Le 11 décembre prochain, les
Chiliens se retrouveront aux urnes pour l'élection d'un nouveau
président, de 120 députés et 20 sénateurs (1). Au
Chili, les votes tournent autour des trois pôles du spectre politique : la droite, le centre et la gauche. Pour chacun de ces pôles, il y a une coalition de partis. À gauche, il y a « le
Pacte ensemble nous pouvons » (Pacto juntos podemos); au
centre gauche nous retrouvons « la Coalition des parties pour la
démocratie » (Concertación de Partidos por la Democracia) et à droite, il y a « l'Alliance pour le
Chili » (
Alianza por Chile) (2). Chacune de ces coalitions est composées de divers partis qui peuvent présenter des candidats à la présidence de façon indépendante.
Il y a présentement quatre candidats dans la course. La favorite selon les sondages, Mme Michelle Bachelet, se présente pour « la Coalition des partis pour la
démocratie » (3). C'est d'ailleurs ce parti qui est au pouvoir depuis la fin de la
dictature du général Augusto
Pinochet en 1990. Mme Bachelet est présentement en position de force dans les sondages pour plusieurs raisons. D'abord, elle fait partie de ceux que l'on appelle les « Anti-
Pinochet » et rejoint une bonne part de la population par cette position. Ensuite, lors du 30e anniversaire du coup d'État du général
Pinochet, elle a bénéficié d'une grande visibilité médiatique en raison de son passé et de celui de son père. En effet, lors de la prise de pouvoir du général
Pinochet, en 1973, le père de Mme Bachelet, qui était général dans l'aviation, a été enlevé, torturé et est mort des suites des mauvais traitements qu'il a subit. De plus, la mère de Mme Bachelet et elle-même furent contraintes de s'exiler peut après car elles furent également victimes de mauvais traitements (6).

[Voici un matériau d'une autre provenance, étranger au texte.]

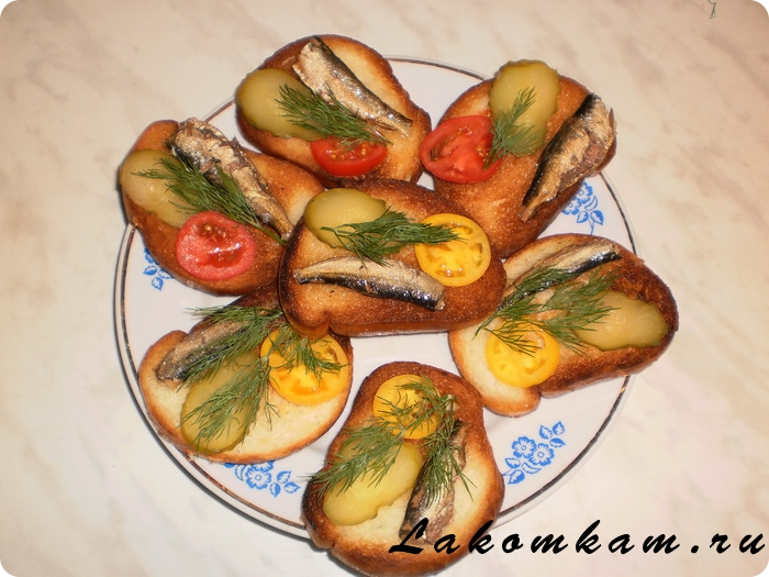 Ингредиенты: нарезной батон — 1 штука; чеснок — 2 зубчика; масло — для жарки; шпроты в масле — 1 банка; свежие помидоры — 2 штуки; зелень — для украшения; солёный огурец — 1 штука.

En ce qui concerne la coalition de droite, « l'Alliance pour le
Chili », il y a deux candidats en lice. Le premier est M. Sebastián Piñera, un riche homme d'affaire qui possède entre autre la compagnie aérienne chilienne LAN et siège au conseil d'administration de plusieurs autres grandes entreprises chiliennes. Il détient une maîtrise et un doctorat en économie de l'université Harvard.
Le second candidat est M. Joaquín Lavín qui a été élu maire de Las Condes à deux reprises et s'était présenté contre le
président sortant, M. Ricardo Lagos, en 1999 (4). Il détient un diplôme en économie à l'université de Chicago et il faisait également parti du comité d'expert qui a transformé l'économie du
Chili sous le Général
Pinochet.
En ce qui concerne le parti d'
extrême gauche, « le
Pacte ensemble nous pouvons », il n'y a qu'un seul candidat. Il s'agit de M. Tomas Hirsh qui, lors des
présidentielles de 1999, a remporté 0,5% des suffrages (5). Il est l'un des fondateurs du parti Humaniste qui fut le premier parti, en 1987, à être légalisé sous la
dictature. Ensuite, il fut
ambassadeur du
Chili en
Nouvelle-Zélande de 1990 à 1992 et, finalement, cofondateur de « la Coalition des parties pour la
démocratie » qui est au pouvoir depuis 1990(7).
Le système électoral chilien prévoit deux tours de scrutin pour l'élection du
président. Cependant, il est possible d'accéder à la présidence au premier tour en récoltant 50% plus un vote au premier tour. Avant l'arrivée de M. Piñera dans la course, les sondages indiquaient que Mme Bachelet pourrait l'emporter au premier tour. Les sondages favorisent toujours celle-ci mais, selon les mêmes sondages, elle devra attendre le deuxième tour avant de l'emporter (8).
L'enjeu principal de cette élection, qui est également l'élément qui pourrait en faire un moment historique, est le fait que la candidate vedette soit une femme, monoparentale et favorable au divorce. Ce serait la première femme à accéder à ce poste au
Chili. Traditionnellement, la société chilienne est relativement
conservatrice. Pour en témoigner, le droit au divorce fut finalement accepté en 2003 au terme de neuf ans de
négociations. Cela fait du
Chili le dernier pays d'Amérique et l'un des derniers au monde à adopter une telle législation (9). Cet événement a également soulevé de grands débats populaires et demeure un sujet très sensible. Nous verrons donc, au cours des mois de décembre et janvier, si la population chilienne est prête à faire fi de ces éléments et à élire Mme Bachelet, une femme chaleureuse et charismatique, qui possède actuellement un nette avance dans les sondages (10).